Isaiah Thomas – Patriot Printer is an educational program that includes both an in-school theatrical presentation and this on-line curriculum guide containing facsimiles of primary source historic documents, background essays, and lesson plans developed by classroom teachers.

We have designed this program to be a three- to five- day unit, including the in-school performance.  You will find, however, that the website contains much additional material that you are free to use in many other ways. 

We have divided the lesson plans into three levels:  basic (5th grade), moderate (8th grade), and advanced (11th grade).  However, you may wish to mix and match these plans depending upon the cognitive abilities of your own students.  Please feel free to change and to work with this material in any way that suits you and your students.

Lesson Plan Matrix

We recommend that you use this program in the following ways:


Basic Level
Lesson Plans
Moderate Level
Lesson Plans
Advanced Level
Lesson Plans
 Day 1 – Introduction What’s the Oldest Thing in Your House? The Life and Times of Isaiah Thomas Discovering Isaiah Thomas
Day 2 – The Show Performance of Isaiah Thomas – Patriot Printer in your school Performance of Isaiah Thomas – Patriot Printer in your school Performance of Isaiah Thomas – Patriot Printer in your school
Day 3 – Follow-up activity The Apprenticeship of Isaiah Thomas Stamps and Bullets: the American Revolution The Revolutionary War on Trial
 Day 4 – Follow-up activity Dateline: Thursday, May 4, 1775 Pressing the Point  OR  Wheels, Keels, and Words Dispatches from the Past
Day 5 – Follow-up activity Reading and Writing 18th Century Style Lessons from the Past: Reading and Writing Time Travel:  Transportation and Communication Then and Now

The Theatrical Presentation

Professional actor Neil Gustafson will come into your school and perform Isaiah Thomas – Patriot Printer.  This performance is approximately 30 minutes long with a question and answer session following. Please allow 40-45 minutes.  During the presentation, “Isaiah Thomas” brings a portfolio of documents from his own collections.  Throughout the performance, he refers to these documents and reads selections from them.  All of these documents are included on this site.  The documents referred to in the show are:

A Note on Vocabulary

Throughout the show, "Isaiah" will use vocabulary that may be unfamiliar to your students. He uses language that would have been common in 1812 when the show it set, but may no longer be so common now. Here is a list of vocabulary that should help students understand Isaiah's performance and some of the primary source documents included on this site. Each lesson plan also includes a list of vocabulary words pertaining to that particular lesson.

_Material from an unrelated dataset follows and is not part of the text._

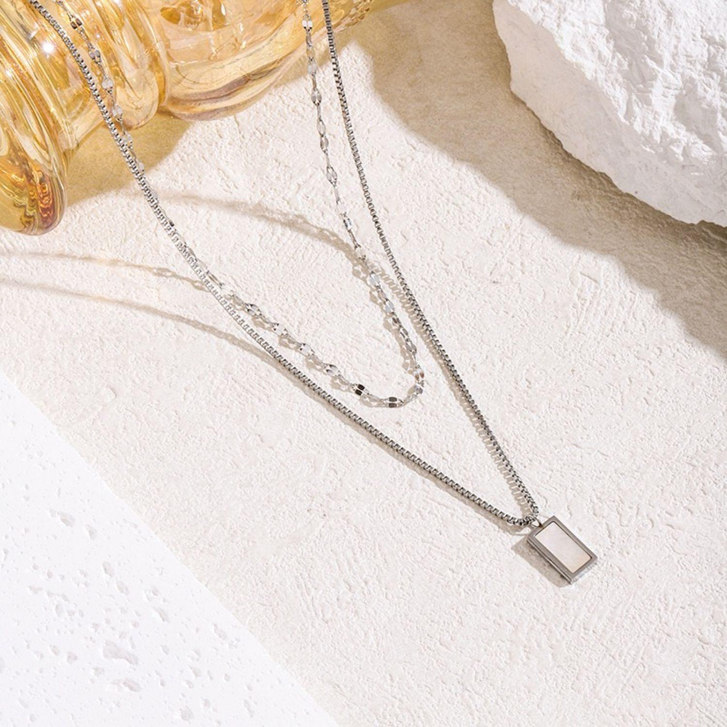 Corrente de clavícula empiahada quadrada geométrica de aço titânio 18K em madrepérola branca

Tips on Using Primary Source Materials in the Classroom

First, have your students look at the document without reading it.  Ask such questions as:  Is it handwritten or printed, or both?  What does the type look like?  What size is the type?  How much white space (blank area) is on each page?  Have them examine the type and look at the size, amount.  Are there any illustrations?  Why do these illustrations look the way they do?  Why are there no photographs; little, if any, color, etc.?

Because of the lack of pictorial materials, colonial printers would use type in illustrative ways.  Look for the use of capital letters, various sizes, italics, and bold faces of type. 

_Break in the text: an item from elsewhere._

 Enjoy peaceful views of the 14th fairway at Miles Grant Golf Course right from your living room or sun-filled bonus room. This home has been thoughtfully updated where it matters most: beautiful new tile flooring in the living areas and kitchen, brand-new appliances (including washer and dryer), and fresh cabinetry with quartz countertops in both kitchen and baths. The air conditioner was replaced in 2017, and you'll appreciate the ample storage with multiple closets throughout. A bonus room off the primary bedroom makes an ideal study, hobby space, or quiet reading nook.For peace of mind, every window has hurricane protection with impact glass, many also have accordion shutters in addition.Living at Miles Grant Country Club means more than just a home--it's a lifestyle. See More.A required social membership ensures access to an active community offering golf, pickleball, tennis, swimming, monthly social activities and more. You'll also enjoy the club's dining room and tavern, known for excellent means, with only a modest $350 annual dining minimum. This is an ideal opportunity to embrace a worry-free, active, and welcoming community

In the 17th century sometimes the letter “s” was printed with what is referred to as a “long s”.  This looks similar to an “ f ” except that on the “long s” the horizontal cross-stroke projects only to the left.  In italic typeface, the "long s" has no cross-stroke at all. Generally, but not consistently, this was used to distinguish between the pronunciation of the short “s” from the long when the letter appeared in the middle of a word.  It is also important to understand that spelling and punctuation were often quite arbitrary in this time period.  All English printers used the long “s” until 1749; thereafter it is used intermittently before being discarded entirely in the 1790’s.

Once you have examined the document as an artifact, have your students read the document to determine what facts they can derive from it.  These include: who created it; when and where it was created; and who was the intended audience.  At this juncture, you will want your students to interrogate the document, looking for evidence of point of view, bias, and misinformation.  Once these are determined, ask your students to postulate on why they think this document is important.  Finally, you can ask them to do a series of hypothesizing exercises such as writing a response, imagining how the audience responded to the document, illustrating the document, etc.